# My 7 year olds jordanelle small mouth



## lvnstmc (May 11, 2008)

Took my boys to Jordanelle for some fishing and this is my youngest son who hooked this fish. I had to hang him up cause he was afraid that he would get bitten by him :lol: he did it all and all I did was net him snap this pic on my phone and let him go. Dang I love fishing


----------



## REPETER (Oct 3, 2007)

WTG! Catching big fish like that so young might just ruin the boy :wink:


----------



## Gameface (Jun 7, 2008)

Man-oh-man! That fish might be older than your boy.


----------



## maguro88 (Feb 2, 2008)

Wow, the future PRO?


----------



## lehi (Sep 13, 2007)

That is a real nice smallmouth!!!!


----------



## BigIceHole (Feb 5, 2008)

Haha, sounds like your 7 year old is a better fisherman than his dad :lol: Thats a nice fish.


----------



## Nueces (Jul 22, 2008)

Very nice fish. Congrats!!!


----------



## lvnstmc (May 11, 2008)

You know what this kid is one of those people that just seems to have it going for him. this is the second small mouth that he has but the biggest the other was just a little smaller than this and he has landed a 4 lb cut at strawberry off the dock while I was loading the boat and never said a word to me till he got it to the shore and said how do I get him off.
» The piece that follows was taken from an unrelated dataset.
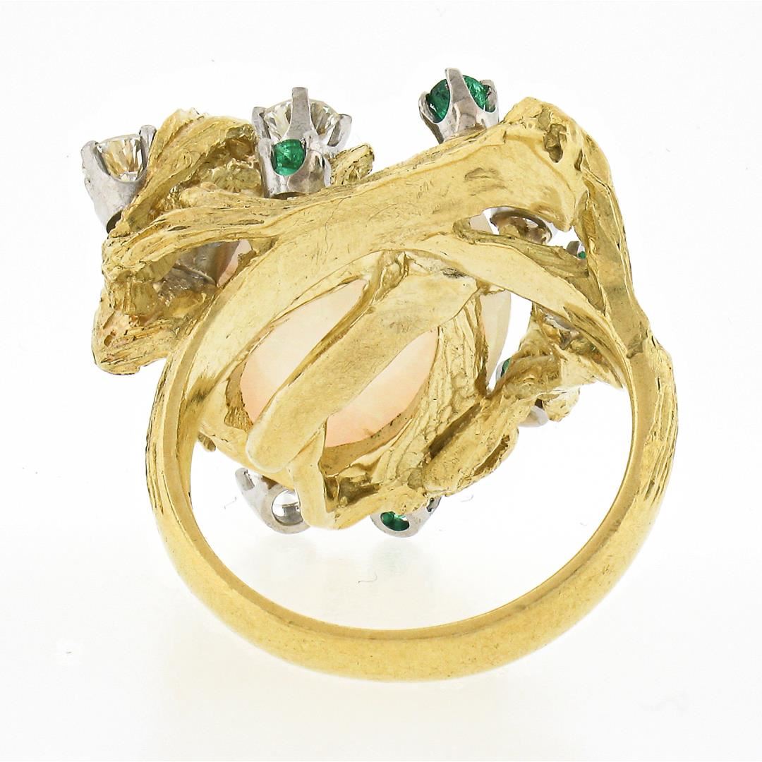 A vintage 18k yellow gold cocktail ring, with 1 GIA graded pear cabochon cut natural opal ( 20.03x11.4mm ), and 5 round brilliant cut natural diamonds (E/F - VS1 ; 0.60ctw), with 5 round brilliant cut natural emeralds (0.22ctw). The ring is size 6.0, weighs a total of 12.76 grams, and measures 34.30mm wide.Comes with all original relevant certifications.
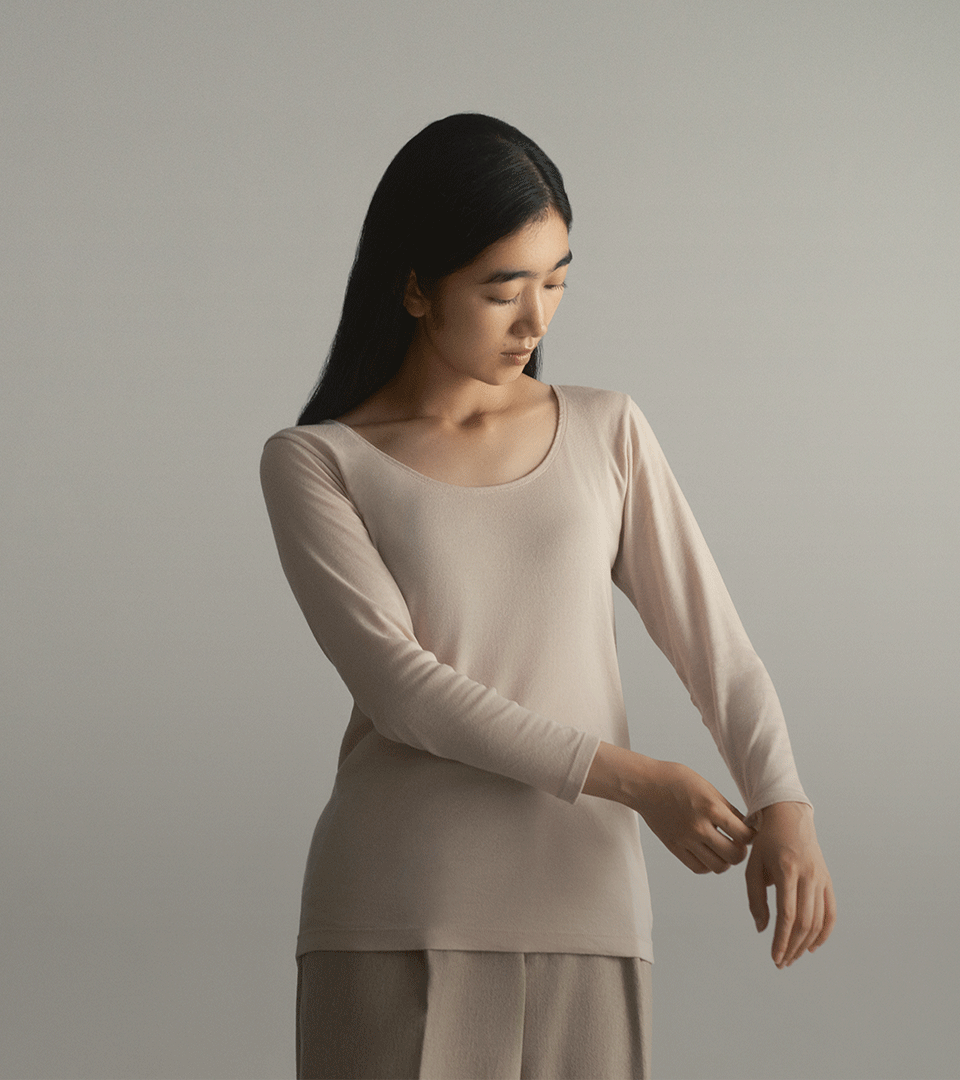 여성 따뜻한 면 U넥 8부소매 티셔츠

To him all the fish in strawberry but the kokes go back. LOL It doesn't seem to matter where we go he out fishes everyone else and the truth is I think he may be better than his dad. I have noticed there are some that just have a knack for fishing and he sure does.


----------



## RnF (Sep 25, 2007)

That's how you get him hooked. Nice going, sure it was a blast spending time fishing with him and catching some nice fish.


----------



## #1DEER 1-I (Sep 10, 2007)

Nice fish.


----------



## JAT83 (Sep 9, 2007)

Dang, that fish is Huge! I still have yet to catch one! :shock:


----------